§ **WORK ITEM**
Up to and including the line that holds "1 Adet simli", print the data exactly from its first line; do not print the pictures.

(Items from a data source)
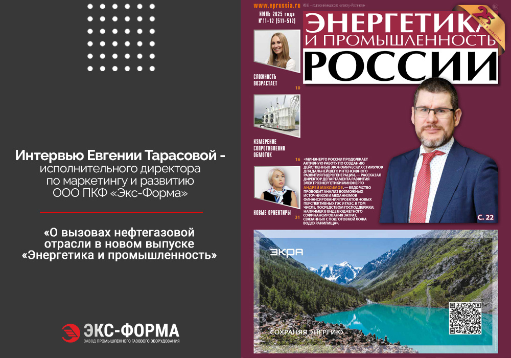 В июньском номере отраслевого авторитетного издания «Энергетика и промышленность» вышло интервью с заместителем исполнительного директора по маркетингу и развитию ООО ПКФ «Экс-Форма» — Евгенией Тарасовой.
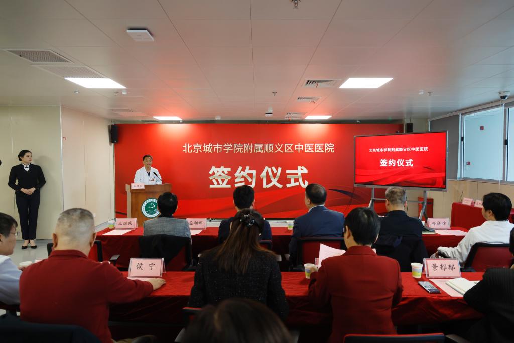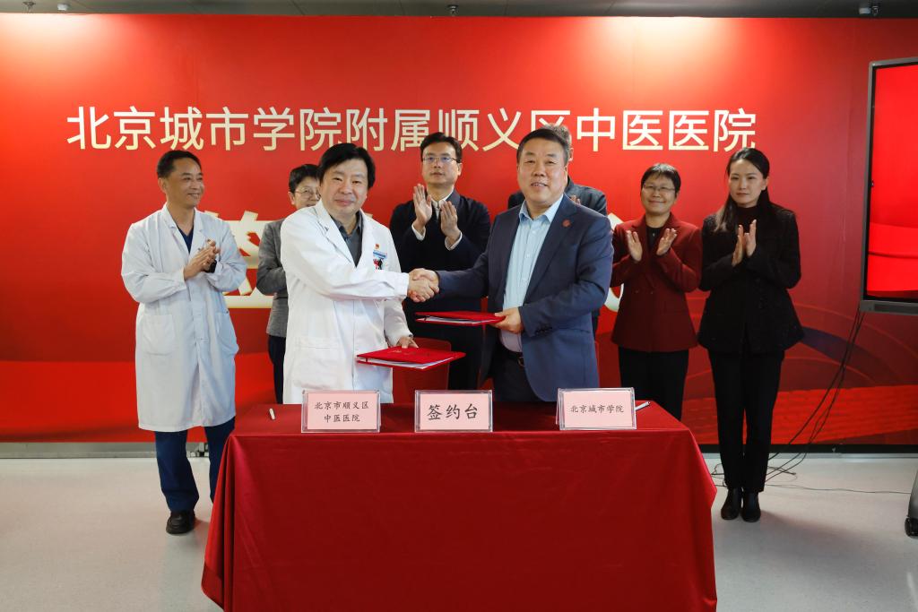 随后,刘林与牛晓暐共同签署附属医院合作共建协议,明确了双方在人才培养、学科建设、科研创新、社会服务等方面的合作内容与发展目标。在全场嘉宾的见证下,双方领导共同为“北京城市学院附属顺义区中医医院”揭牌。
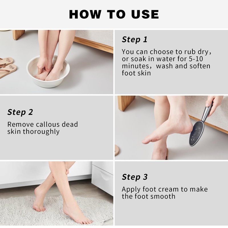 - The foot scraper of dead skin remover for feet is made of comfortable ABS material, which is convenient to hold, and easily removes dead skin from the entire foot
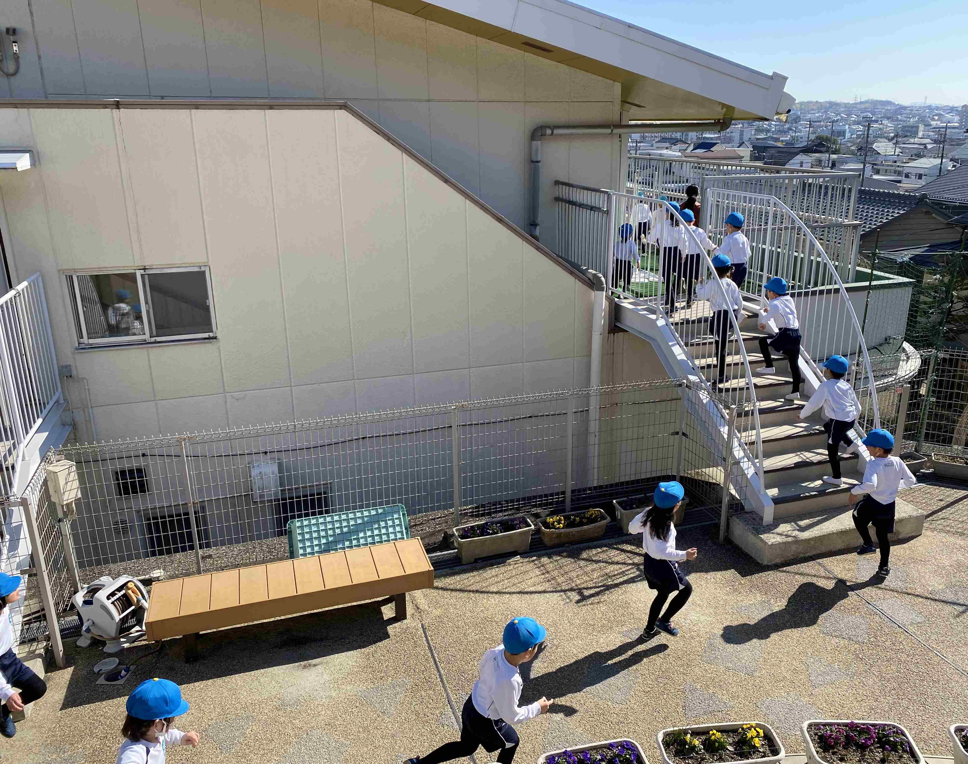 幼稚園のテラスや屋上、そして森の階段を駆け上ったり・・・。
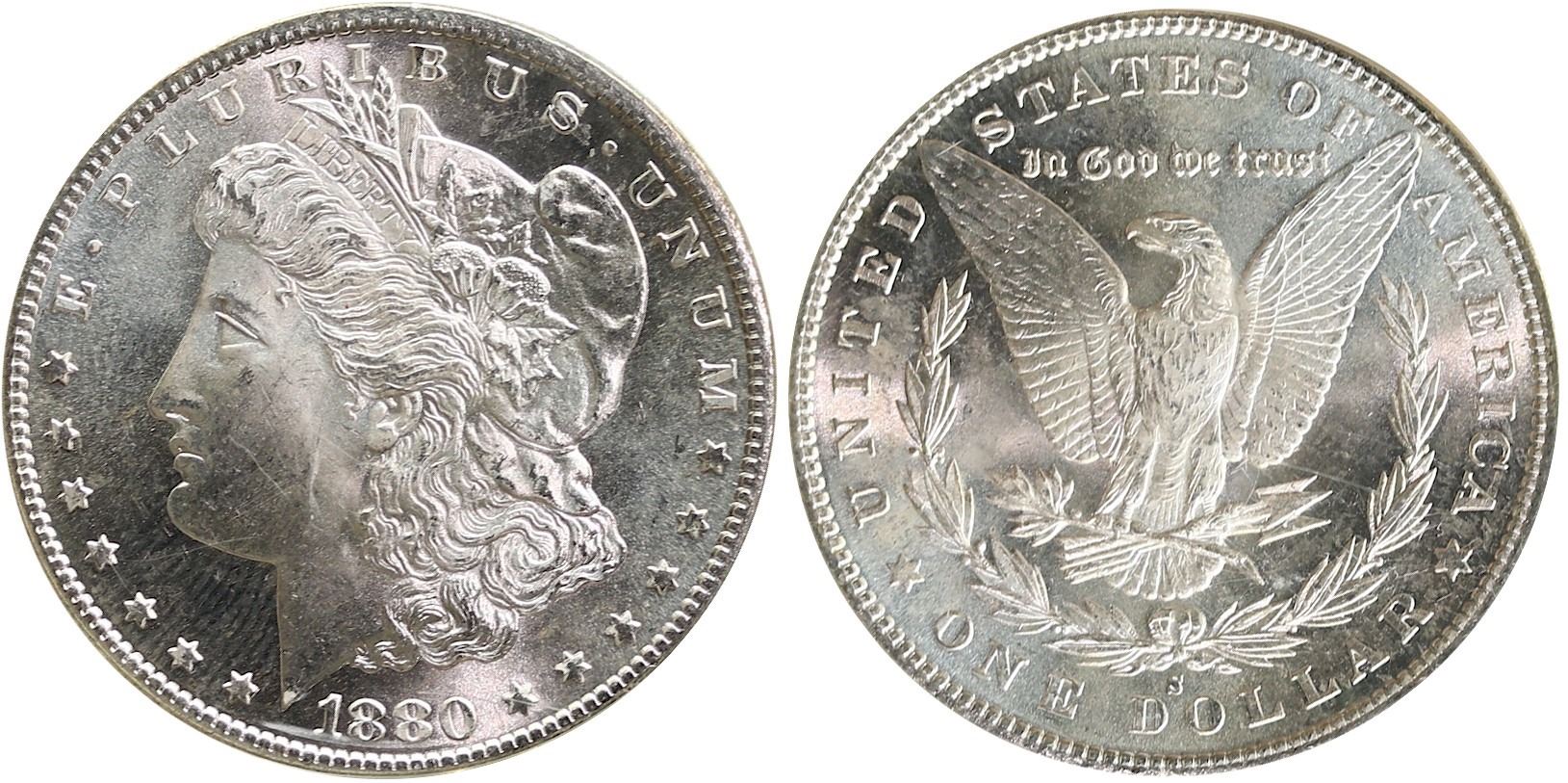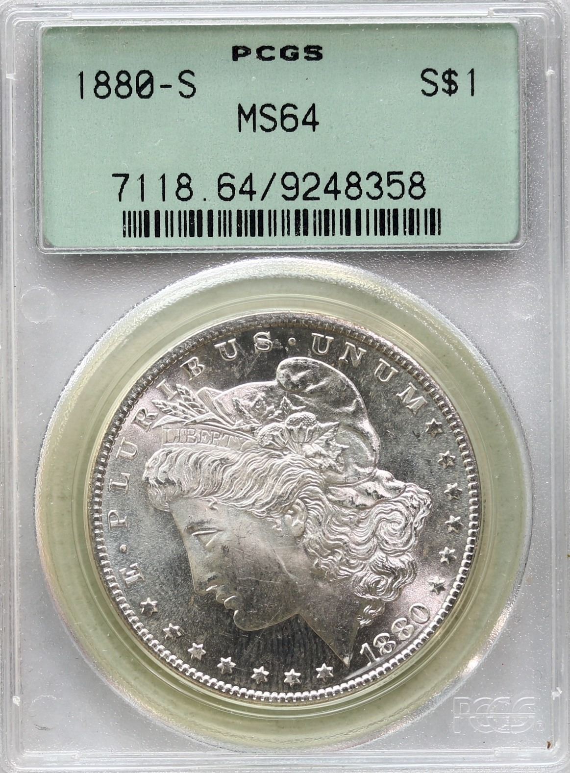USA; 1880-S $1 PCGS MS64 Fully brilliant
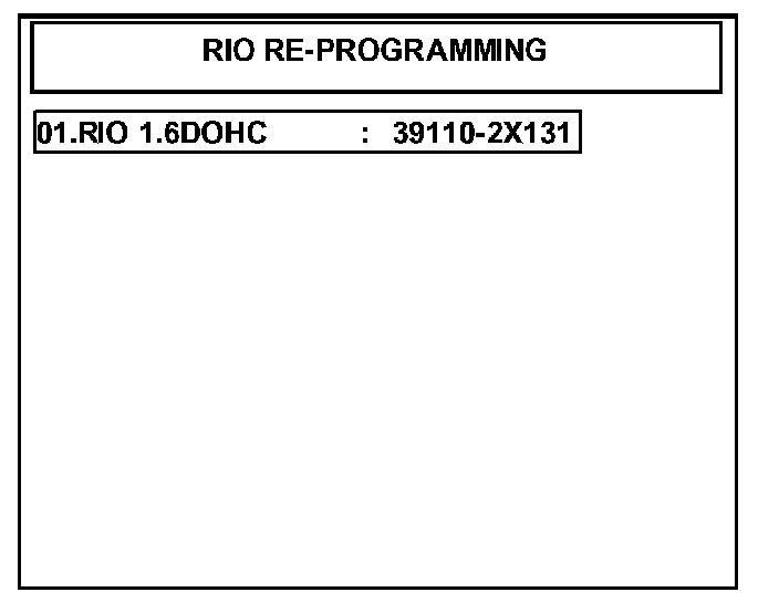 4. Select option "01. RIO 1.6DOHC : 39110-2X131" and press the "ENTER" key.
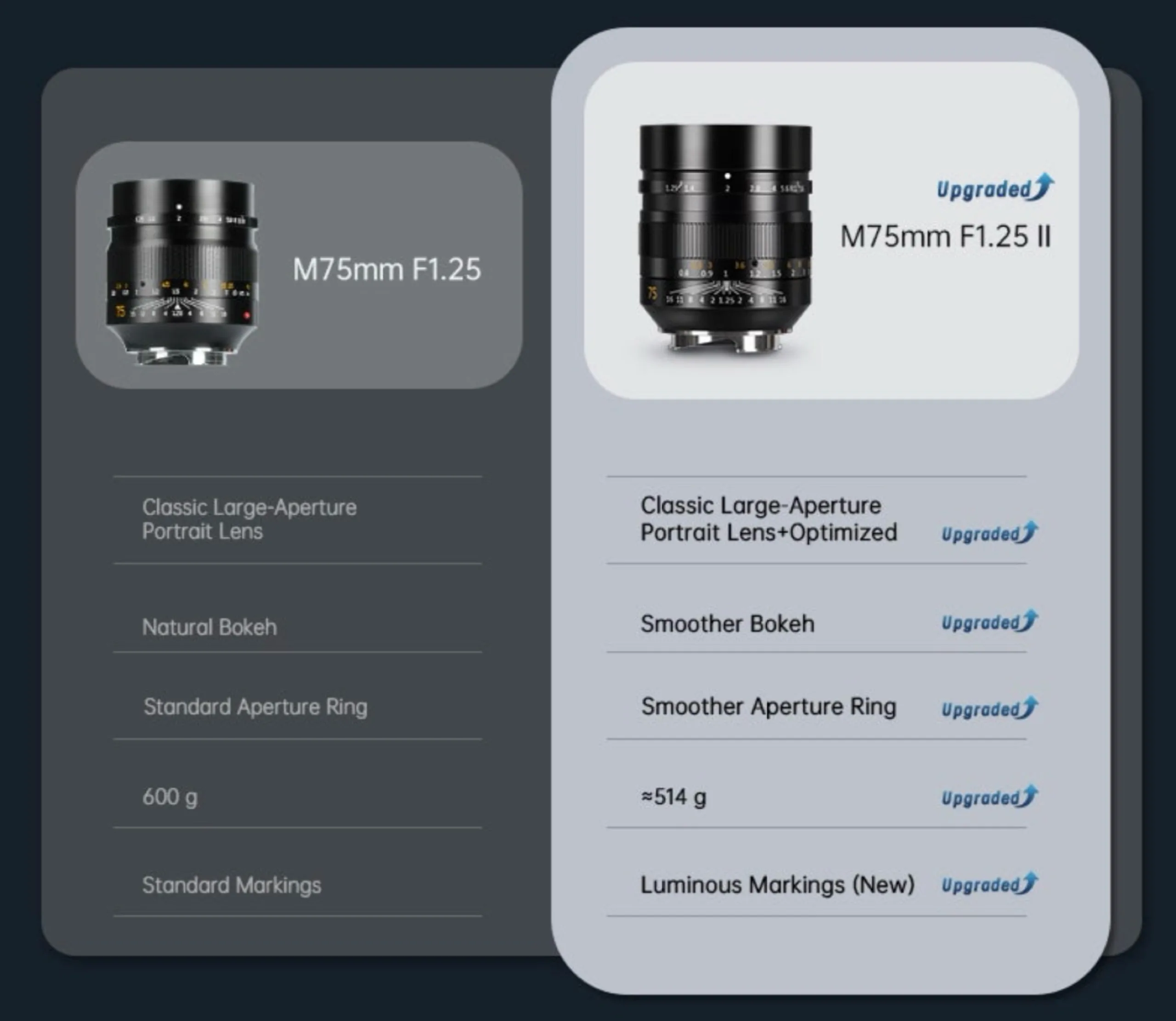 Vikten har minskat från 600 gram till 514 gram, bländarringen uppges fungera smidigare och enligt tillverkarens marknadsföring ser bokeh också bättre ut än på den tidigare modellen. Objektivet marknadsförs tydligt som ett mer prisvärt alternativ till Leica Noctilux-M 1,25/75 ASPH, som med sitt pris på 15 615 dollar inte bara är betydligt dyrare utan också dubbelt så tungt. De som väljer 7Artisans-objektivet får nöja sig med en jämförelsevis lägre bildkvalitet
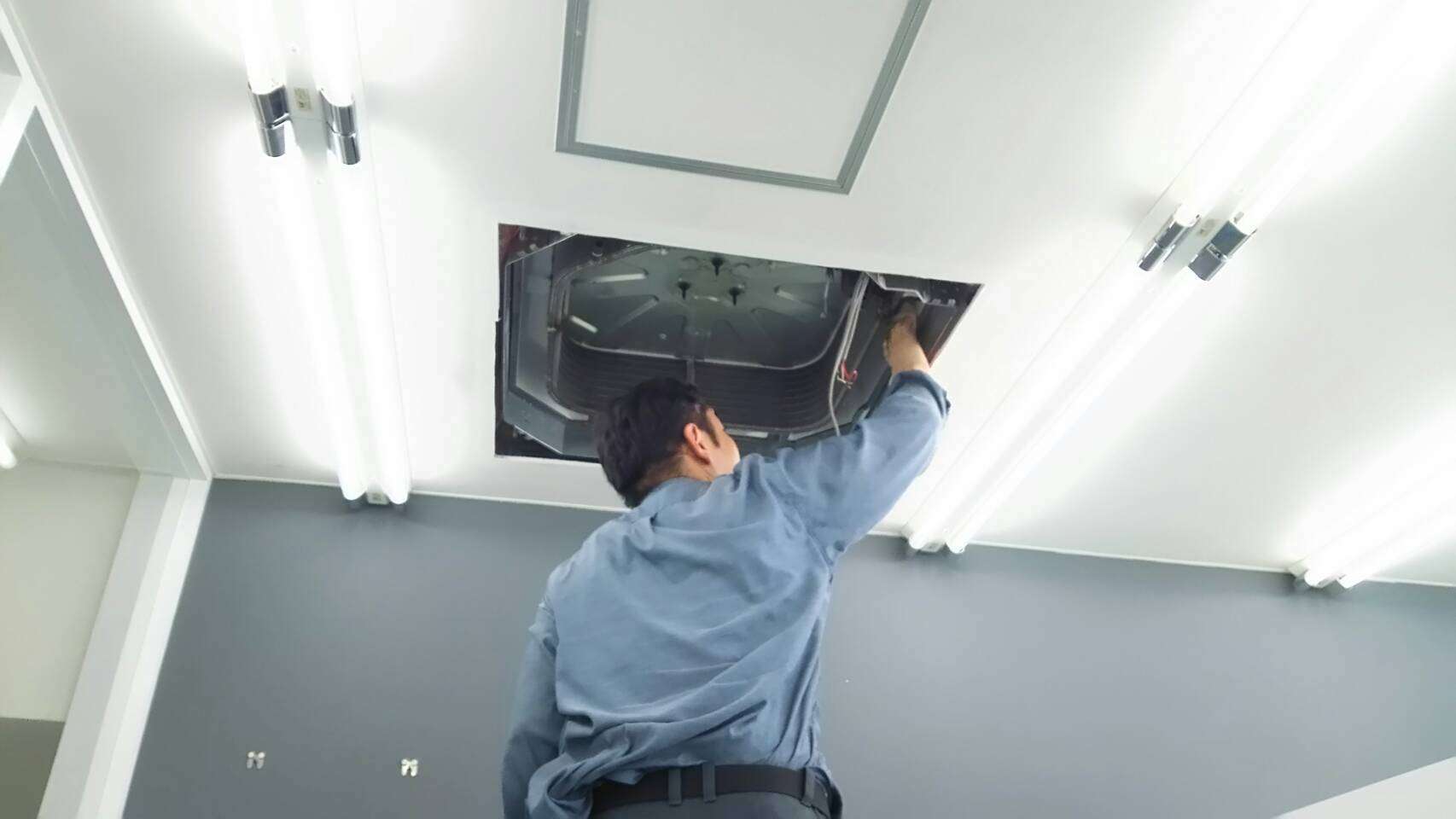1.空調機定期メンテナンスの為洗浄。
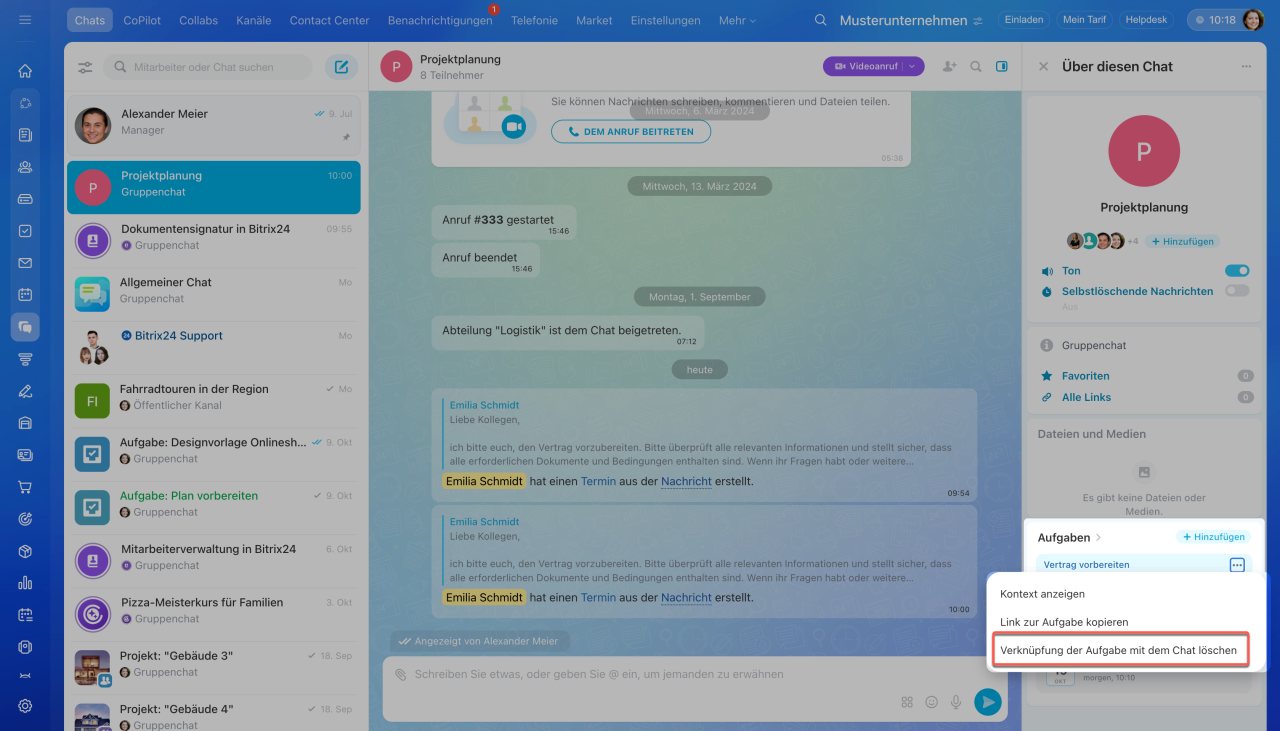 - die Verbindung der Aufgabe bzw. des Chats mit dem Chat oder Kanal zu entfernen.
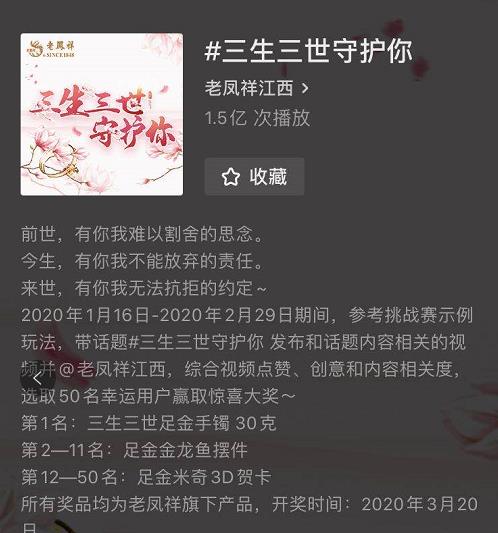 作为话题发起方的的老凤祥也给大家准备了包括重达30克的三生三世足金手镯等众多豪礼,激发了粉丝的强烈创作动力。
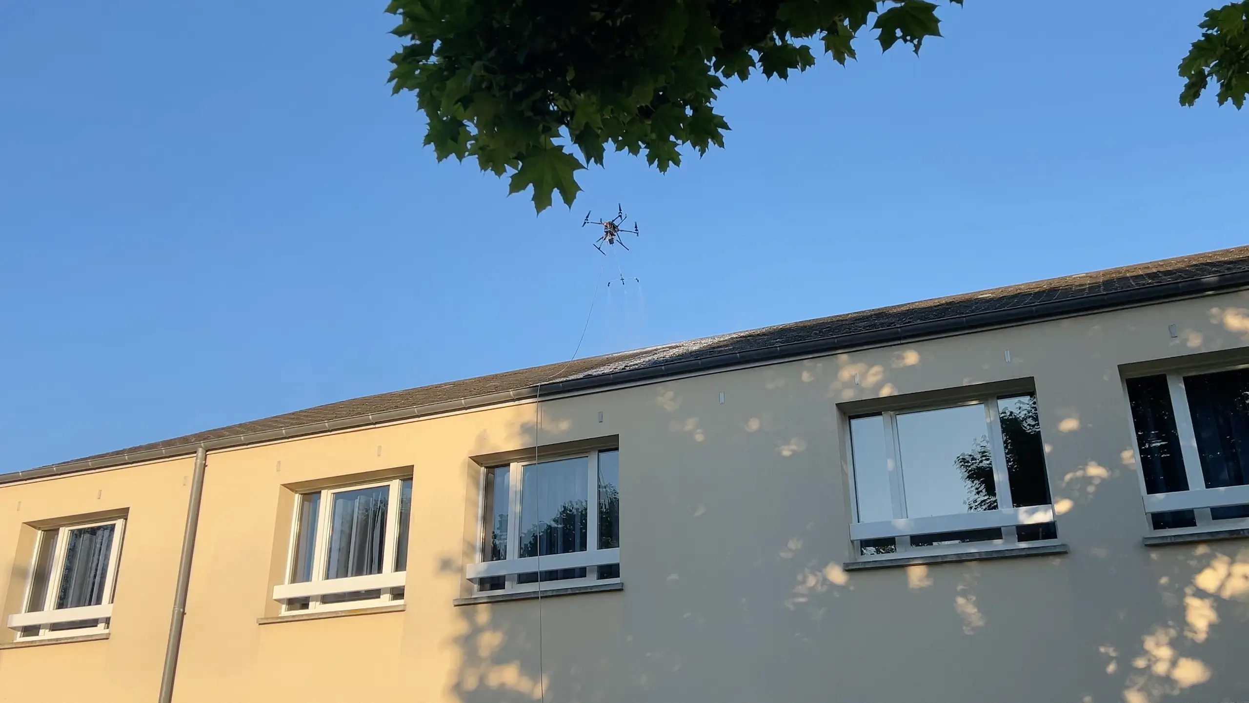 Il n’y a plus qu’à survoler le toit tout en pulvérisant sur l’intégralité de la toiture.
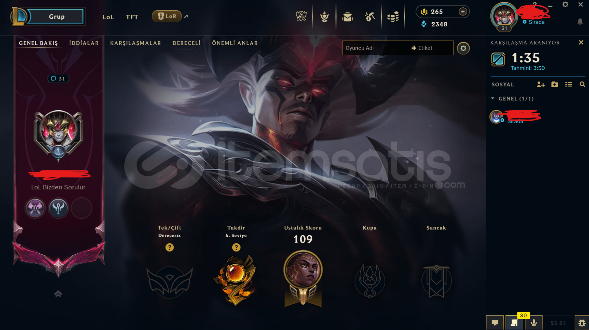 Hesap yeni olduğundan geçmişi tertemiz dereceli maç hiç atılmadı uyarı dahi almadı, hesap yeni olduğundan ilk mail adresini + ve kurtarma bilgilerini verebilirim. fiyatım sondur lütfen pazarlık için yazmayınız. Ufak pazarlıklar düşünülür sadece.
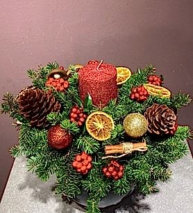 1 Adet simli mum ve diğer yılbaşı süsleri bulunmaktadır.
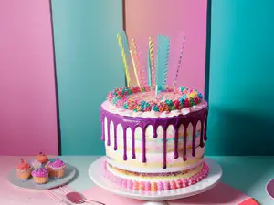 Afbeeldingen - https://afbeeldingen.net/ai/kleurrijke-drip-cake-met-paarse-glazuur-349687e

§ **EXERCISE SOLUTION**
 В июньском номере отраслевого авторитетного издания «Энергетика и промышленность» вышло интервью с заместителем исполнительного директора по маркетингу и развитию ООО ПКФ «Экс-Форма» — Евгенией Тарасовой.
 随后,刘林与牛晓暐共同签署附属医院合作共建协议,明确了双方在人才培养、学科建设、科研创新、社会服务等方面的合作内容与发展目标。在全场嘉宾的见证下,双方领导共同为“北京城市学院附属顺义区中医医院”揭牌。
 - The foot scraper of dead skin remover for feet is made of comfortable ABS material, which is convenient to hold, and easily removes dead skin from the entire foot
 幼稚園のテラスや屋上、そして森の階段を駆け上ったり・・・。
USA; 1880-S $1 PCGS MS64 Fully brilliant
 4. Select option "01. RIO 1.6DOHC : 39110-2X131" and press the "ENTER" key.
 Vikten har minskat från 600 gram till 514 gram, bländarringen uppges fungera smidigare och enligt tillverkarens marknadsföring ser bokeh också bättre ut än på den tidigare modellen. Objektivet marknadsförs tydligt som ett mer prisvärt alternativ till Leica Noctilux-M 1,25/75 ASPH, som med sitt pris på 15 615 dollar inte bara är betydligt dyrare utan också dubbelt så tungt. De som väljer 7Artisans-objektivet får nöja sig med en jämförelsevis lägre bildkvalitet
1.空調機定期メンテナンスの為洗浄。
 - die Verbindung der Aufgabe bzw. des Chats mit dem Chat oder Kanal zu entfernen.
 作为话题发起方的的老凤祥也给大家准备了包括重达30克的三生三世足金手镯等众多豪礼,激发了粉丝的强烈创作动力。
 Il n’y a plus qu’à survoler le toit tout en pulvérisant sur l’intégralité de la toiture.
 Hesap yeni olduğundan geçmişi tertemiz dereceli maç hiç atılmadı uyarı dahi almadı, hesap yeni olduğundan ilk mail adresini + ve kurtarma bilgilerini verebilirim. fiyatım sondur lütfen pazarlık için yazmayınız. Ufak pazarlıklar düşünülür sadece.
 1 Adet simli mum ve diğer yılbaşı süsleri bulunmaktadır.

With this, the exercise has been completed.